Catador de Estrelas
Miguel Gustavo de Paiva Torres
(Homenagem aos amigos que se foram e permanecem)
Os ventos varrendo o lado escuro da terra; vindos da costa africana os alísios afastam nuvens e acendem, neste deserto marítimo, milhões e milhões de estrelas. Luz em viagem de longo curso. Bilhões de anos é apenas um pensamento sem medida.
Quanta vida surgiu e desapareceu nesta matéria escura. Quantas pestes, quantas pragas bateram forte nas portas da arrogância desta estranha criatura que pensa, cria e imagina-se Deus. Ele e ela ou pedra ou gelo ou água, mas feito e moldado no teu pensamento.
O balanço na rede me leva ao infinito da varanda solta no espaço. Quem acende estrelas, todas as noites, de um lado e do outro lado da lua, no céu do universo desse minúsculo ponto azul chamado Terra?
Quem acende a luz desta sala onde encenam-se todas as comédias, tragédias, bondades e crueldades destes insignificantes seres que se procriam como criadores e destruidores?
Quantos palácios e quantas palafitas abrigam estes raros animais pensantes na bola que gira, perdida, sem rumo conhecido, no espaço curvo da minha mente.
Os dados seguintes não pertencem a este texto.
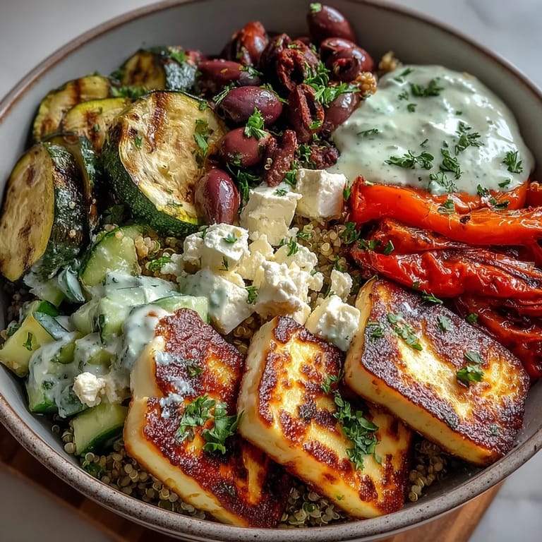 Save to Pinterest My neighbor knocked on my door one July evening with a basket of zucchini from her garden, and I had no plan for dinner. I started pulling things from the fridge—leftover quinoa, a block of halloumi, some wilting peppers—and fired up the grill pan. What came together in under an hour felt like a small vacation on a plate, bright and smoky and impossibly satisfying. I've been building bowls like this ever since, tweaking the vegetables with the seasons and never getting tired of that first bite.
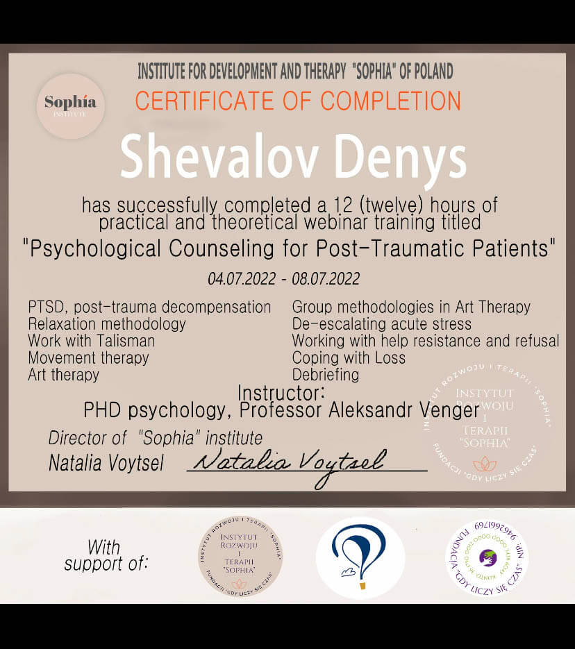 Гештальт-терапевт, бизнес и лайф-коуч, корпоративный психолог. Коуч в системах ICF USA, NCC IPS, Gold Coach GPS (мышление, маркетинг, продажи, gtd, mini mba, RPM tony robbins, чек письмо рокфеллера "ScaleUp"). Изучал дополнительно НЛП, КПТ, Саморегуляцию.
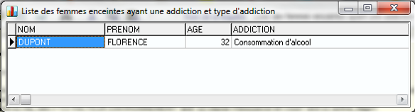 Indicateur : Liste de femmes enceintes ayant une addiction et type d’addiction
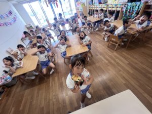 みんなで乾杯をして、給食とケーキを食べたらカード探しスタート‼️
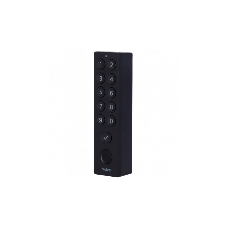 Accesorio teclado Tedee diseñado para cerraduras inteligentes, permite apertura y cierre mediante PIN o huella, configuración de códigos de un solo uso o temporales, funcionamiento con cuatro pilas AAA, comunicación Bluetooth 5.2, diseño estilizado que se adapta a marcos de puertas, compatible con TEDEE-PRO y TEDEE-GO2.

A consciência que tenho é apenas a do vento; a memória do bicho papão no coqueiro com seus pequenos olhos vermelhos. O barulho do mar é de uma praia longínqua em um local no GPS chamado Alagoas, pedaço de mar onde minhas cinzas servirão de alimento aos peixes elétricos, polvos e cavalos marinhos, — estes acendedores de estrelas das almas que vagam na eterna escuridão divina —.
E o catador de latinhas da minha rua? Foi ele um vagalume, uma estrela cadente na paisagem da existência breve e fugaz, ou apenas o reflexo da poeira das estrelas, do gelo, dos desertos ou das palmas secas da caatinga do sertão.
Poeira da existência, em um sábado, na viagem sem fim na antiga estrada de barro, poeira e infinito, de Palmeira dos Índios à Água Branca? Quantas almas perdidas, ambições, vaidades, amor e torpeza, secaram bocas e fecharam os olhos nos sacolejos da estrada e do pensamento?
Escrevi o livro da existência — a minha e a nossa —, com estrelas cadentes no horizonte de tantas vidas. Respiradores de vidro sugando o oxigênio das memórias do tempo; na velocidade da última estrela que catei, indo embora eternamente na poeira dessa luz, imensidão de vida e morte; sem fim e sem começo.